We both love both kids beyond comprehension - with our entire hearts - past what we thought possible. But the fact remains: Men understand how boys think and women understand how girls think. With the kids of the same gender, we have higher expectations based on what we understand.
For example. I'm more likely to give Daniel that 20th hug goodnight when he comes out of his room (again) saying that he's scared (again) - and Fernando is more likely to be tough with him, knowing that he's playing me like a shiny new fiddle. But Daddy's more likely to pick Violet up and comfort her when she's throwing a tantrum while I'm more likely to make her tough it out and use her manners no matter how much she's crying.

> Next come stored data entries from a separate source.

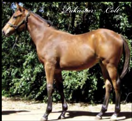
Pakastar - Colt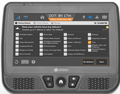
Driver vehicle inspection report on IVG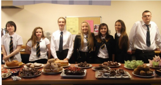
MacMillan Charity Coffee Morning

On Thursday, our "Personal Development" class organised a fund-raising coffee morning for the staff in support of MacMillan Cancer Care and the magnificent total of £207.20 was raised for this excellent cause. It was great to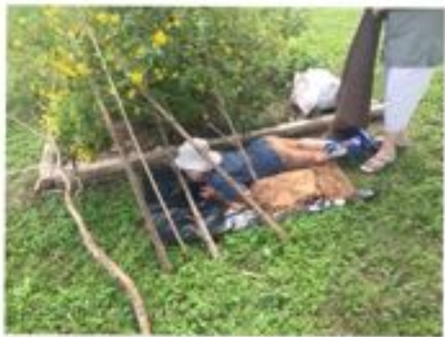
This is how I get into bed?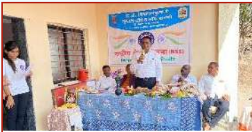
NSS Camp 2024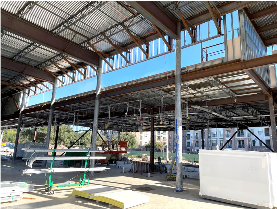
Clerestory opening at cafeteria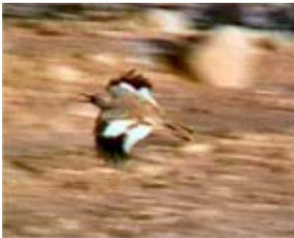
Greater Hoopoe-lark Alaemon alaudipes alaudipes

Cattle Egret ( Bubulcus ibis ibis ) At the entrance.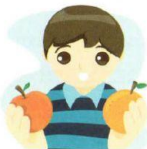
eat healthy food

Yes, I realize that particular example just highlights my inability to choose my battles (I'm working on this). But I hold to my theory: Dad's hold sons to a higher standard than their daughters and vice versa.
I have heard these words come out of my mouth numerous times towards Violet: "That is not how we act, Violet. We are nice ladies." We. Ladies. Likewise, Fernando often explains to Daniel what it means to be a "big boy" and what kind of behavior is required. When Daniel suddenly excelled in swim classes, Fernando felt a stronger and deeper pride than I did. Why? Because dads know that their sons need to acquire a type of learned courage and adventure to become the kind of men God designed them to be. And right or wrong, moms would be fine with their sons clinging to them in the pool for just one more summer.

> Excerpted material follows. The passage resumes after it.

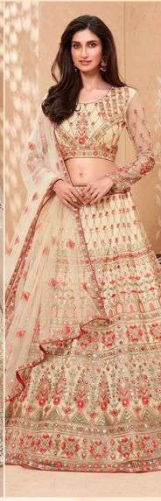
D.No. 1044 ← ୧୩ →

Now I know this theory has all kind of exceptions and caveats (like genetics, how much time is spent with the kids and how much coffee each parent has consumed that day) but for the most part, it's true. And aside from simply being interesting food for thought, it's actually been helpful to consider as we continually "fine tune" our parenting styles.
Now, if you'll excuse me - my kids need me. Violet is crying and Daniel is standing by her holding a big stick. But I know my sweet little man would never hurt his sister, so she must have grabbed it and hit herself in the head. And ladies do NOT hit themselves in the head with sticks.
Friday, July 02, 2010
Today, we got in the pool at Daniel's swim lesson. And Ms. Tammy warned us that kids usually don't do as well with the parentals in the pool. So we were ready for some fairly mediocre swimming.

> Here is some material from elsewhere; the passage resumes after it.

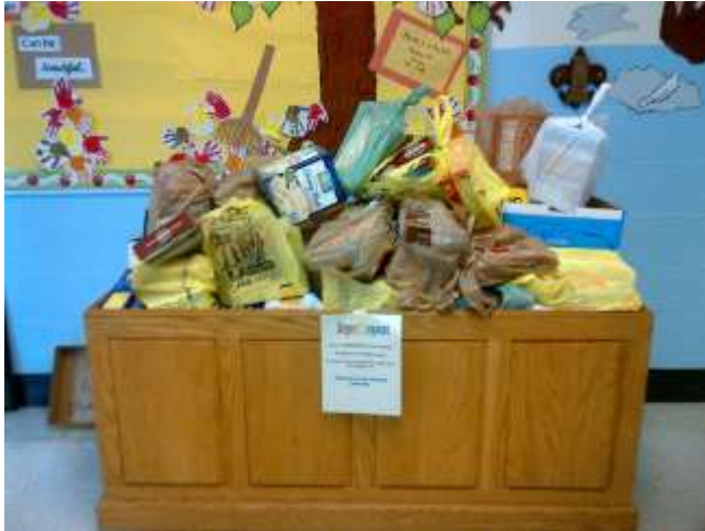
Holy Angels School Thanksgiving Donations November 2016

But Daniel (metaphorically) blew us out of the water. Holy stinking cow.
Ms. Tammy kept saying that he will be a swimmer someday. I think the word "Olympian" came out of her mouth a few times. (And she told Fernando a few times that he should teach these courses - he is apparently a natural!)
Daniel just kicked it into high gear and showed what he's made of. He was proud of himself and was not ready to stop at the end of the lesson.
I was proud, but Fernando was prouder. You should have seen him beaming at his son at the end of that lesson. Priceless.